SQL Server Query Writing Help Needed

  • Hi Cadavre,

    Thanks for helping with this request. What you have is almost exactly what i want. However, what i found that a lot of the accounts have last two rows [repcode] as the same with different current date. This is what i want, however, if the last two rows of the record has the same repcode starting with a Z or X or ending with XX, i want to go to the third to the last row to get the repcode.

    So, sorry, but i'm not able to organize in the post how you have it so i will do my best.

    AccountDim table

    Account # RepCode Currentdate

    12345678 LM01 2011-09-01

    12345678 LM02 2011-10-11

    12345678 XAB0 2011-10-25

    12345678 XAB0 2011-10-31

    AccountTable

    Account# RepCode CurrentDate

    12345678 XAB0 2011-10-31

    your query gives me result as such:

    Account# RepCodePR RepCodeCU CurrentDate

    12345678 XAB0 XAB0 2011-10-31

    How can i get this result?

    12345678 LM02 XAB0 2011-10-31

    please advise.

    Your help is most appreciated!

  • Paraphrasing here.

    You want the current info from Account, but you want the last record from Accountdim before the RepCode changed to what is in Account, correct?

  • ankita.patel01 81294 (11/3/2011)


    Hi Cadavre,

    Thanks for helping with this request. What you have is almost exactly what i want. However, what i found that a lot of the accounts have last two rows [repcode] as the same with different current date.
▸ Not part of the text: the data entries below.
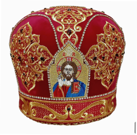 Митра, вышитая на бархате высококачественными нитями (машинная вышивка)
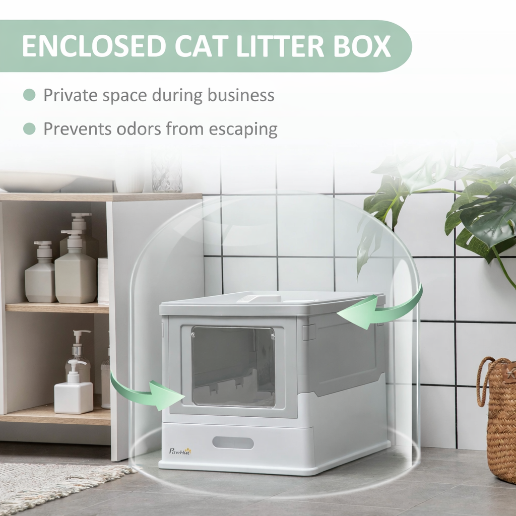 PAWHUT CAT LITTER BOX WITH LID - PREMIUM HOODED TOILET SYSTEM
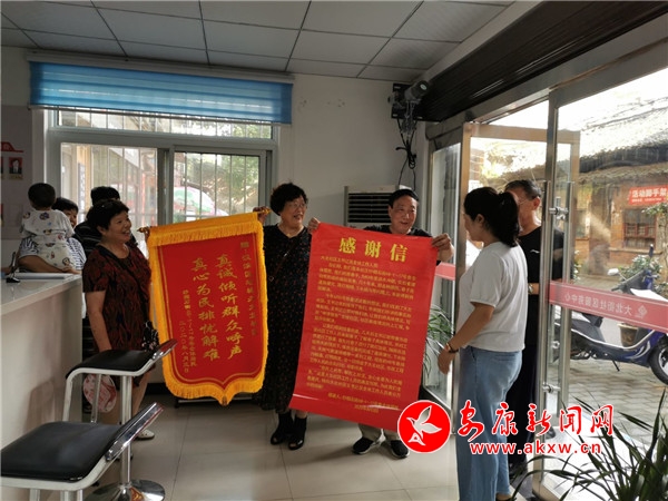 本網(wǎng)訊(通訊員 馬一平)8月2日,紗帽石街48號(hào)巷道居民代表來(lái)到大北街社區(qū),將一面題為“真誠(chéng)傾聽群眾呼聲,真心為民排憂解難”的錦旗和感謝信送至王宗梅書記手中,感謝老城街道創(chuàng)建辦及大北街社區(qū)在紗帽石街48號(hào)道路改造中做出的努力。

This is what i want, however, if the last two rows of the record has the same repcode starting with a Z or X or ending with XX, i want to go to the third to the last row to get the repcode.

    So, sorry, but i'm not able to organize in the post how you have it so i will do my best.

    Sorry, but I find it irritating enough when the requirements are "changed" during coding when I'm at work, there's no chance of me being able to handle it when I don't have to.

    As I said in my previous post, please read this article[/url] --> http://www.sqlservercentral.com/articles/Best+Practices/61537/[/url].

    It explains the best way to post DDL and sample data in a way that is readily consumable by the volunteers that post here and will ensure that someone can post working, tested code for you.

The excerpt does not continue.